P. Schranz: Overall I just get my ideas from what I read, but often there’s some other less straightforward element involved. “Tower of the Sea Witch” started when I went to the beach and saw an oil rig or something on the horizon. I wondered if anyone was on it and how they got there.
I like to keep something to write on by my bed, and if I wake up after a dream, to tell myself that it will escape from all human consciousness forever unless I turn the light on and write it down that very second. If I hadn’t done so last night, for example, humanity could never answer this very important question that I found in my journal when I awoke: “What if, when they see him in the sixties, they see a bird, or a bird unto glory?” My brain always whispers ‘go to sleep, you oaf; you’ll remember,’ or ‘you’ll be wasting both ink and sack-time if you write that down,’ but my brain is lying to me about at least one of those assertions.
P. Scribe: What are the easiest, and the most difficult, aspects of writing for you?
P. Schranz: The easiest aspect is coming up with the general phantom of a story’s plot. Making the plot intricate and precise is difficult, as is determining whether a part of the story ought to be excised or not; whether a draft is the last draft or the second-to-last; giving the characters distinct voices; making their goals, hopes, and habits realistic and 3D; actually improving the story through subsequent drafts and not just indulging in pencilwork, like changing ‘she mumbled’ to ‘she murmured,’ which covers about ninety eight percent of my revising decisions; and determining whether I need to spell something out and run the risk of making the story too obvious, or trust the subtext and run the risk of making the story a complete bafflement. It’s no walk in the park to pace a story well, either.

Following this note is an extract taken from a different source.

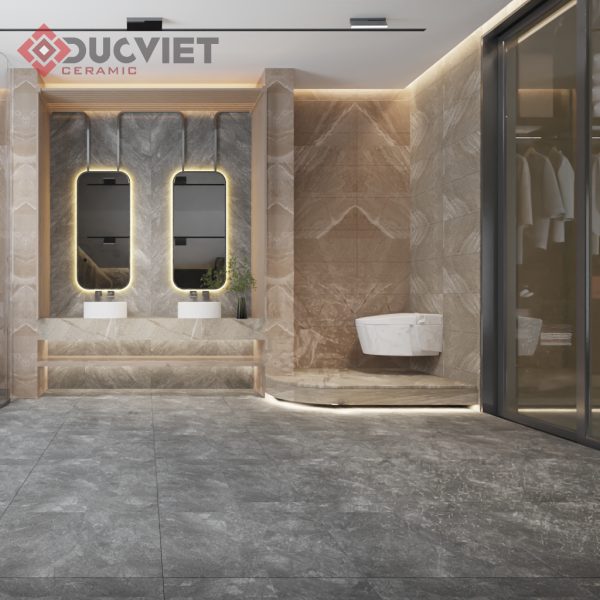 Sản phẩm có màu ghi đậm được in các họa tiết vân cát sắc nét trên bề, họa tiết đó giúp gạch phù hợp cho nhiều phong cách thiết kế từ sang trọng, cổ điển cho đến đơn giản và hiện đại.

P. Scribe: In what way is your fiction different from that of other authors in your genre?
P. Schranz: I’m not sure it is any different, except very vacuously: I don’t write a lot of stories about dragons or robots or dwarves or spaceships (except for my silly game, “A Spaceship You Go On!”), but I do write a lot of stories about alien corpses. My plan is to take every single corpse ever featured in the horror genre, remove it, and replace it with the corpse of an alien.
P. Scribe: What is your current work in progress? Would you mind telling us a little about it?
P. Schranz: I’m revising a story about all these pill-sized coffins full of little tiny alien skeletons, and mulling over a sequel where people think the coffins are the grains of some kind of food.
Poseidon’s Scribe: What advice can you offer aspiring writers?
Peter Schranz: Memorize twenty poems.